On multiple occasions, Bank President A and ST. ANGELO executed false documents entitled “Agreements to Purchase Tax Credits” designed to make it appear that First NBC Bank was paying ST. ANGELO money in exchange for ownership interests in entities supposedly owned by ST. ANGELO. In reality, these agreements were a way for Bank President A, Bank Officer B, and ST. ANGELO to justify the diversion of bank funds to ST. ANGELO and certain Entities to cure overdrafts and avoid reporting requirements. On multiple occasions, Bank Officer B directed the disbursement of payments to ST. ANGELO and certain Entities from First NBC Bank’s general ledger, purportedly for tax credit investments, knowing that the tax credit investments were false.

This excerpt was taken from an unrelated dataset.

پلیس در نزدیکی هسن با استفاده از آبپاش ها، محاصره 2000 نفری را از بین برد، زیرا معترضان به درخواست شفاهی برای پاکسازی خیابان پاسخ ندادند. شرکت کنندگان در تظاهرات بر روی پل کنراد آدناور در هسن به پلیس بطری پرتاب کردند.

Yet another means by which Bank President A, ST. ANGELO, Bank Officer B, and others concealed the true financial condition of ST. ANGELO’s loans was to lend funds to ST. ANGELO’s associates as nominees. Bank President A and ST. ANGELO caused the nominees to sign loan documents, making it appear that the nominee entity was taking out the loan solely for its own use. In fact, the loan proceeds often were paid to ST. ANGELO or the Entities, not the nominees, and were, in part, used to pay ST. ANGELO’s and the Entities’ existing debts to First NBC Bank or to enrich ST. ANGELO.

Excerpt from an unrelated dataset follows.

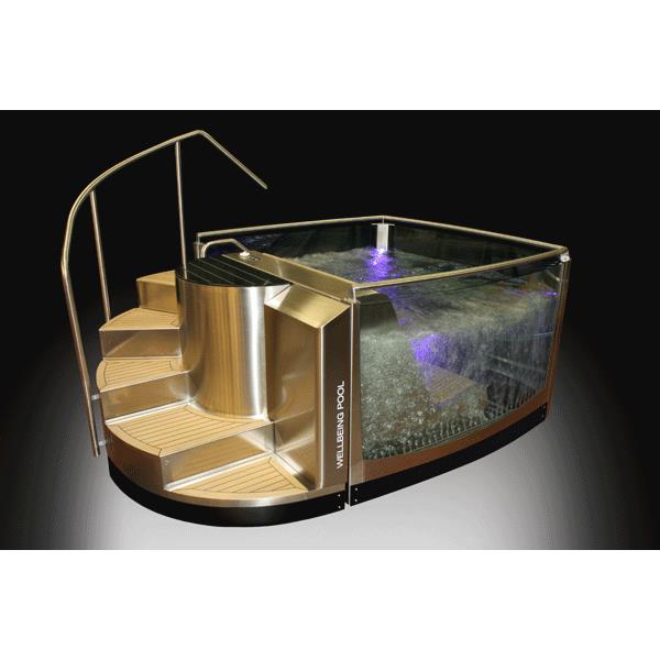 WELLBEING to basen kąpielowy zapewniający idealne warunki zarówno do rehabilitacji pacjenta, jak i czystej relaksacji. Takie cechy, jak kojące właściwości ciepłej wody, podwodne oświetlenie, elegancki, a jednocześnie nowoczesny design, miejsca do siedzenia bądź leżenia oraz dostateczna ilość miejsca do ćwiczeń zaspokoją nawet najbardziej wymagającego pacjenta. Ponadto urządzenia posiadają dysze do masażu oraz system filtracji. Zakrzywione szklane boki zapewniają panoramiczny widok na wnętrze basenu, a konstrukcja ze stali nierdzewnej gwarantuje trwałość i niezawodność.

ST. ANGELO, Bank President A, and Bank Officer B caused employees of First NBC Bank to transfer the nominee loan proceeds directly to ST. ANGELO’s or the Entities’ deposit accounts, when ST. ANGELO, Bank President A, and Bank Officer B knew the loans were not solely for the nominee, but benefitted ST. ANGELO, who was not named in the loan documents or listed as a guarantor.
By April 28, 2017, First NBC Bank had advanced approximately $46 million to ST. ANGELO and the Entities based on the false personal financial statements, and practice of advancing loans to cover overdrafts and make loan payments. First NBC Bank had also paid ST. ANGELO an additional $9.6 million dollars in false tax credit investment money.
If found guilty, ST. ANGELO could face up to 30 years’ imprisonment, a fine of more than $1 million or twice the gross gain to him or the gross loss of any victims, five years of supervised release, and a special assessment of $100.
First Assistant United States Attorney Michael Simpson stated that a Bill of Information is merely an accusation and that the guilt of the defendant must be proven beyond a reasonable doubt.
This case is being investigated by the Federal Bureau of Investigation; the Federal Deposit Insurance Corporation, Office of Inspector General; and the Board of Governors of the Federal Reserve System, Consumer Financial Protection Bureau, Office of Inspector General. Assistant U.S. Attorneys Sharan E. Lieberman, Matthew R. Payne, Nicholas D. Moses, and J. Ryan McLaren are in charge of the prosecution.